Five richest men doubled fortunes after 2020, Oxfam says as Davos opens

Charity says billionaires $3.3 trillion richer than in 2020 as annual gathering of business elites take place.

The World Economic Forum was launched by the German engineer and economist Klaus Schwab in the early 1970s to champion 'stakeholder capitalism' [Denis Balibouse/Reuters]

The world’s richest five men have more than doubled their fortunes since 2020, the charity Oxfam has said, sounding the alarm about unchecked corporate power as business elites hold their high-profile annual gathering in Davos, Switzerland.

The five men are worth a combined $869bn after growing their fortunes at a rate of $14m per hour during the past four years, Oxfam said in its report “Inequality Inc.”, released on Monday.

Despite the growth in the fortunes of the five – LVMH chief Bernard Arnault, Amazon’s Jeff Bezos, investor Warren Buffet, Oracle co-founder Larry Ellison and Tesla CEO Elon Musk – 5 billion people have gotten poorer over the same period, Oxfam said.

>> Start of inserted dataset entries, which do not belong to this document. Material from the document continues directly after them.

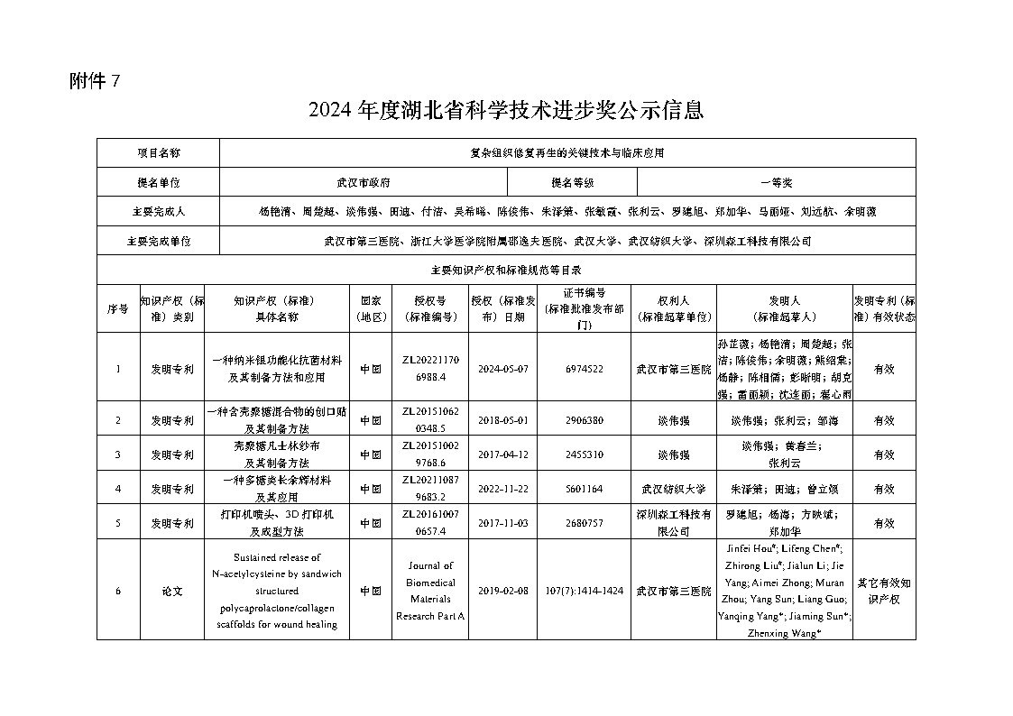 由武汉市第三医院杨艳清主任团队完成的“复杂组织修复再生的关键技术与临床应用”项目拟提名2024年度湖北省科学技术进步奖。按照湖北省科技厅《关于开展2024年度科学技术奖提名工作的通知》要求,我司作为第五完成单位对该项目基本情况进行公示(详见附件),公示时间为2024年5月10日至2024年5月16日。
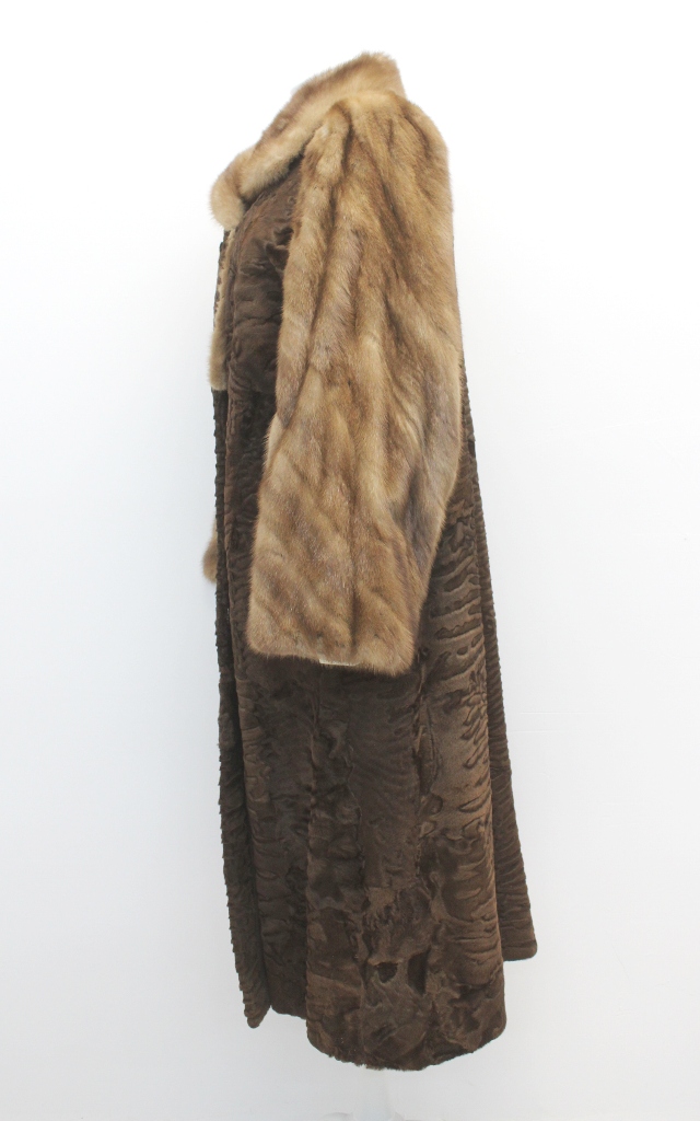 VERY STYLISH BROWN SWAKARA & PASTEL MINK FUR COAT FOR WOMEN
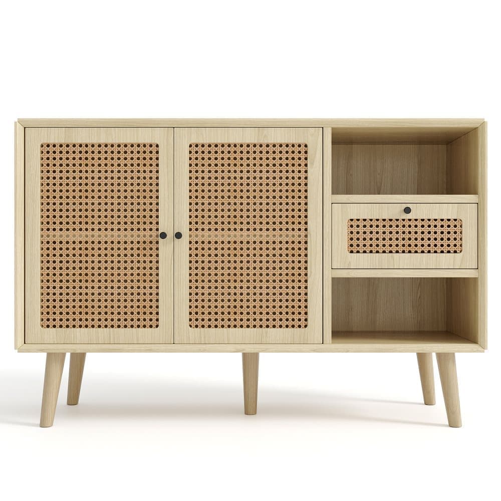 Skänk med 1 låda, 2 nischer och 3 dörrar av vävd rotting - justerbara hyllor - natur
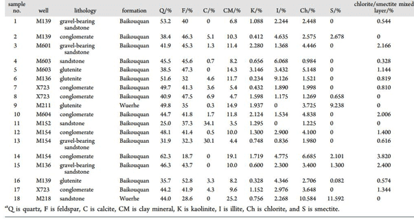 本文制备了18组取自新疆油田砂砾岩储层的样本(表1),将每组样本分为六份,分别进行了X射线衍射(XRD)、铸体薄片、扫描电镜(SEM)、低温氮气吸附(LTNA)、高压压汞(HPMI)和NMR测试,其中NMR测试通过纽迈公司生产的MesoMR3-060H-I核磁共振仪进行。
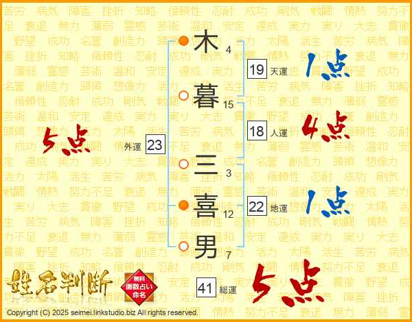 木(4画)暮(15画) 三(3画)喜(12画)男(7画)
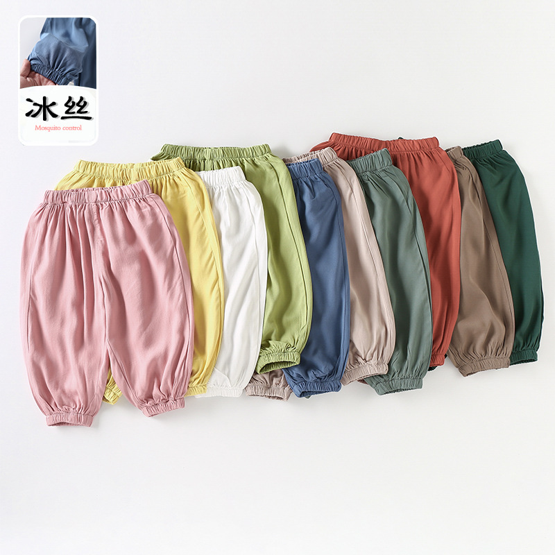 아기 모기 방지 바지 여름 얇은 소년 어린이 여름 아이스 실크 소녀 면 및 린넨 블루머 아기 바지 어린이스토어 가기
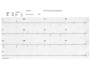 This document appears to be notes from an ECG talk that includes lab results, ABG values, and a quote from a poem by T.S. Eliot. It also mentions Wellens' syndrome and credits Dr. Smith's ECG Blog as the source. The document contains various identifiers but no clear narrative or context for the included information.
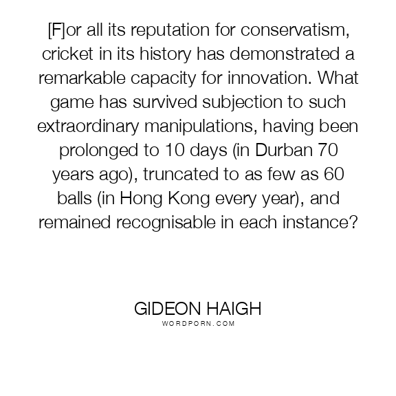 [F]or all its reputation for conservatism, cricket in its history has demonstrated a remarkable capacity for innovation. What game has survived subjection to such extraordinary manipulations, having been prolonged to 10 days (in Durban 70 years ago), truncated to as few as 60 balls (in Hong Kong every year), and remained recognisable in each instance?
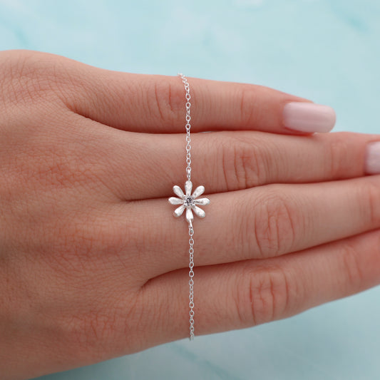 Pulsera con colgante de flor y circonita central
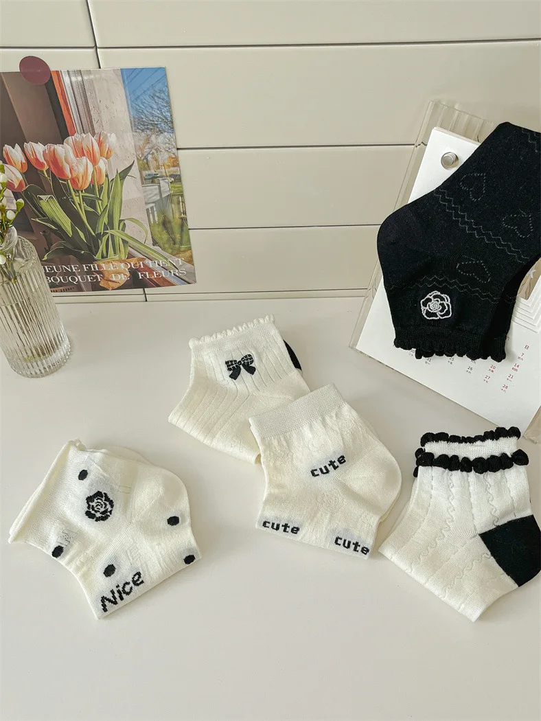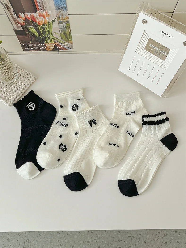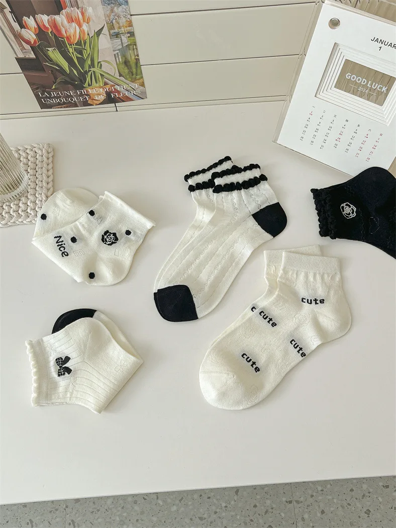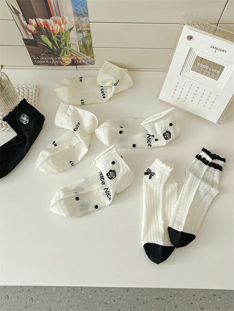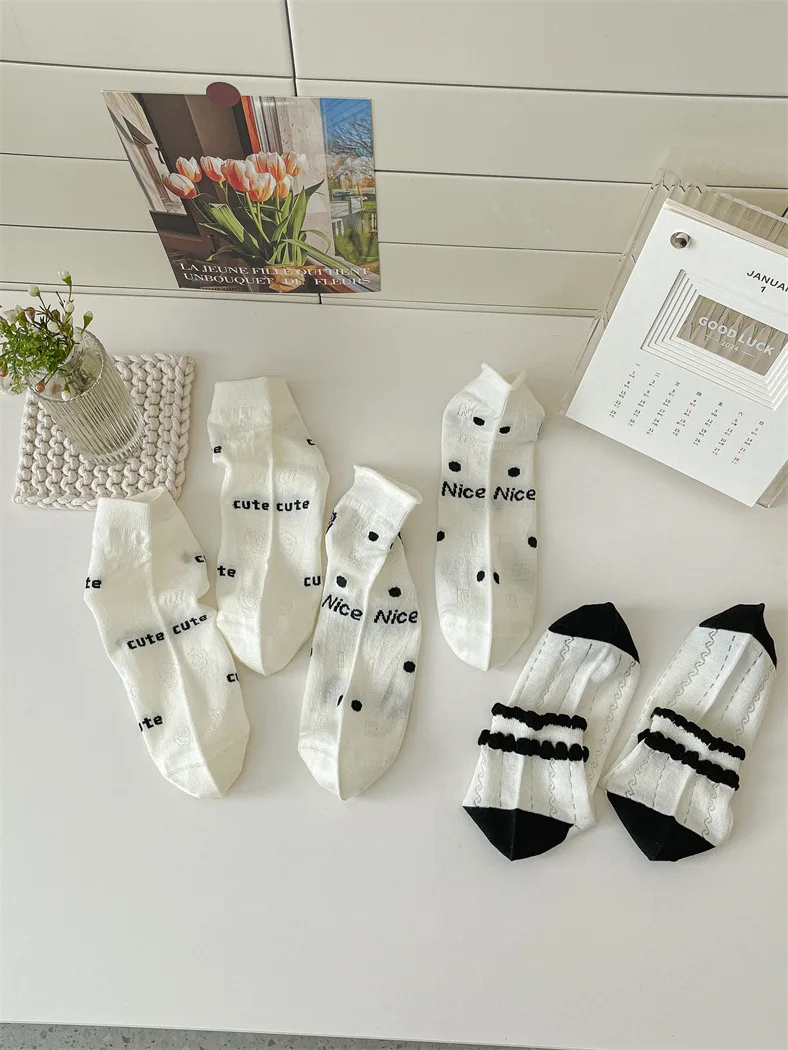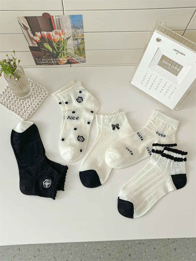 Lbsfy Women's Ankle Socks Spring Summer Black White Fashion Cute Kawaii Lolita Thin Cotton Mesh Breathable Low Tube Socks Calcetines
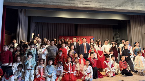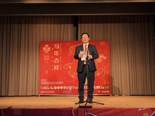 2026年2月14日,驻瑞士大使钱敏坚出席由伯尔尼中国文化中心主办的2026“欢乐春节”·玩转中国年活动并致辞,瑞友好人士、当地中文学校师生等约400人参加活动。
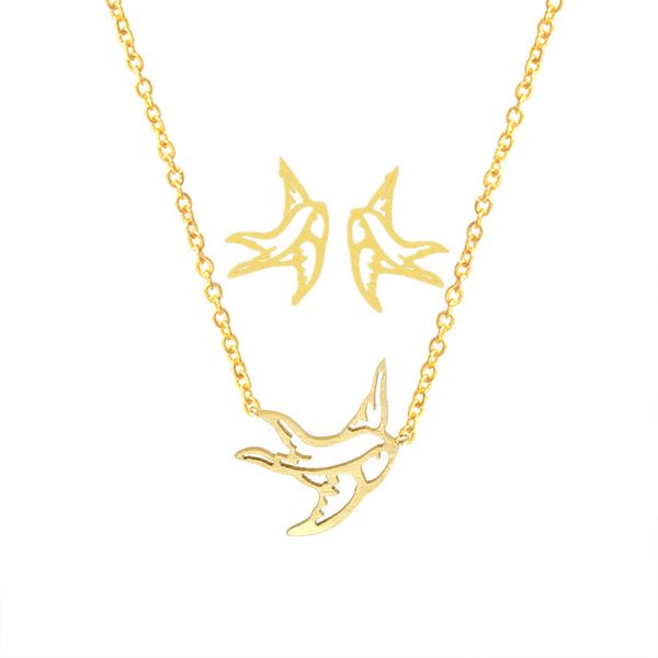 2019 Origami Swallow Stud Earrings Pendant Necklace Men Women Gold
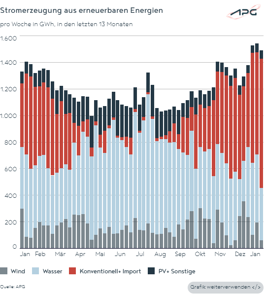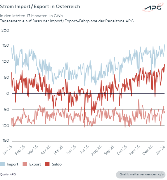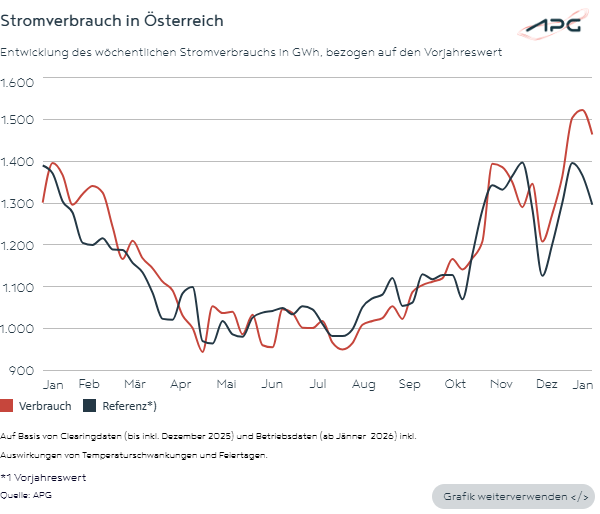 The first five weeks of 2026 were characterized by weather-related high electricity consumption and a sharp decline in renewable energy generation. As a result, Austria became a net importer of electricity in January. Demand could only be met through substantial electricity imports, the full deployment of available gas-fired power plants, and the increased use of pumped-storage facilities.
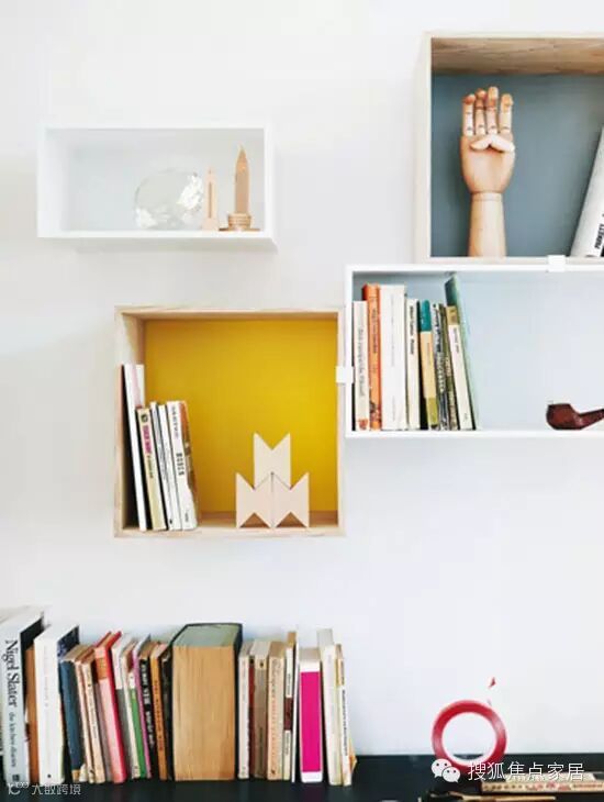 像这样小巧的方块式层架其实可以任意布置在墙面上,还可经由不同形状与颜色的搭配,拼接出均衡的画面感。如此一来,只要放入书籍,一个个漂亮的装饰窗就打造出来了,其在收纳书籍的同时,还可以装点家居,一举两得。
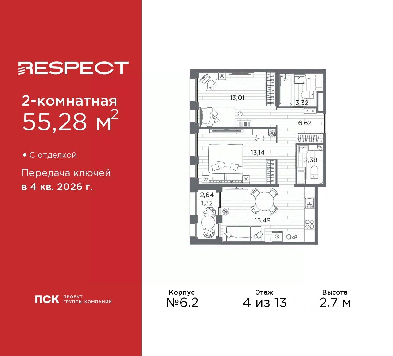 Продается двухкомнатная квартира с отделкой в ЖК "RESPECT" на 4 этаже. Общая площадь: 55.28 кв.м., жилая: 26.15 кв.м., площадь просторной кухни-столовой: 15.49 кв.м. Комнаты изолированные, все окна выходят на одну сторону. В квартире одна лоджия, один совмещенный и один раздельный санузел. Высота потолков 2.7 м.
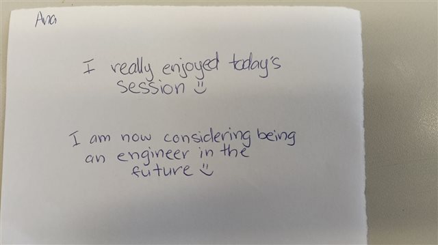 Menaka: It was a great opportunity for the kids to experience,  so we greatly appreciate this effort of getting some of them into engineering.
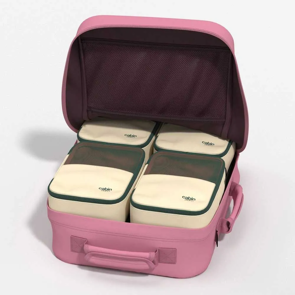 Be amazed at how much you can pack without ever feeling weighed down. The CabinZero Classic cabin bag in Macaron Pink holds everything you need (and then some). Weighs under 800g, and stays under 1.5kg even with two full packing cube sets.
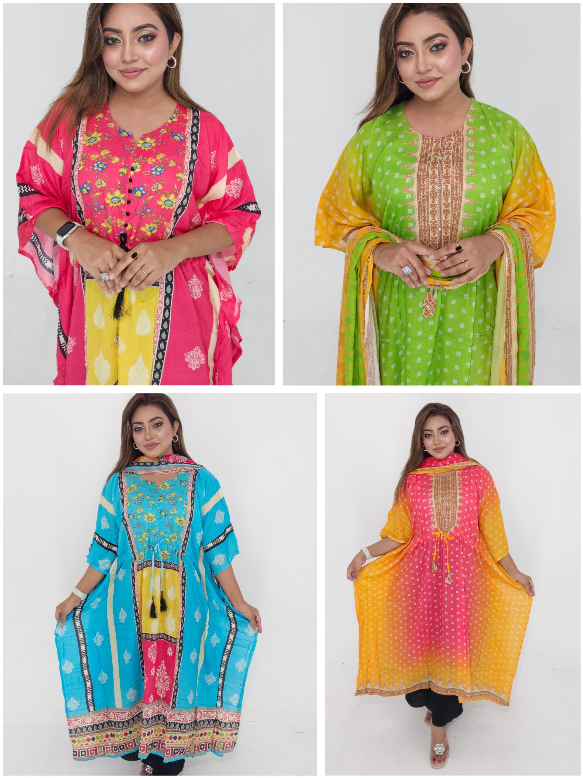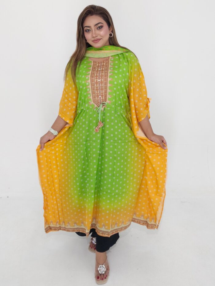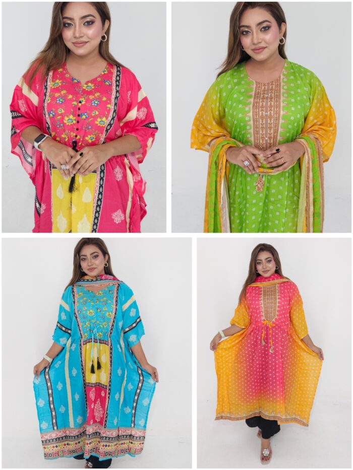 This outfit includes a beautifully crafted kaftan and matching dupatta, made from soft, breathable cotton fabric. The kaftan features a free size body (up to 46″) and a length of 45 inches, ensuring a perfect and relaxed fit for different body shapes. The lightweight material makes it ideal for everyday wear, while the elegant design gives it a boutique-style finish suitable for outings, home wear, and small occasions.
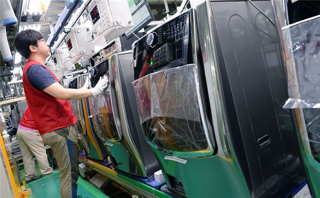 LG전자 직원이 31일 창원2공장에서 제조된 드럼세탁기를 검사하고 있다.
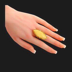 Introducing our beautiful, handmade natural Baltic butterscotch amber adjustable ring. This unique statement piece is crafted from 14k gold plated 925 sterling silver and features beautiful swirls of white, making it truly one-of-a-kind. Its adjustable size ensures a perfect fit every time.
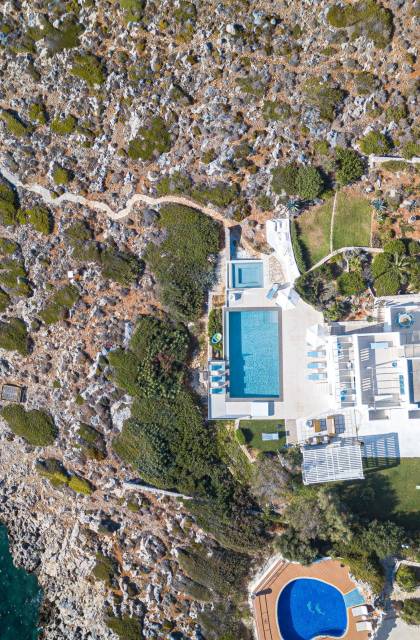 Immerso su una collina che si affaccia sul luccicante mare cretese, Villa Serenique Chania è un paradiso per famiglie numerose o gruppi di amici che cercano privacy, comfort e viste indimenticabili. Con un percorso privato verso la costa, una piscina di 65 m², una vasca idromassaggio all'aperto e spaziosi aree abitative al coperto, è la miscela perfetta di isolamento e facile accesso alle spiagge più famose di Creta.

Billionaires are today $3.3 trillion richer than they were in 2020, while a billionaire leads 7 out of 10 of the world’s biggest companies, the London-based charity said.

If current trends continue, the world will have its first trillionaire within a decade but poverty will not be eradicated for another 229 years, according to the anti-poverty group.

Oxfam International interim Executive Director Amitabh Behar said that nobody should have a billion dollars.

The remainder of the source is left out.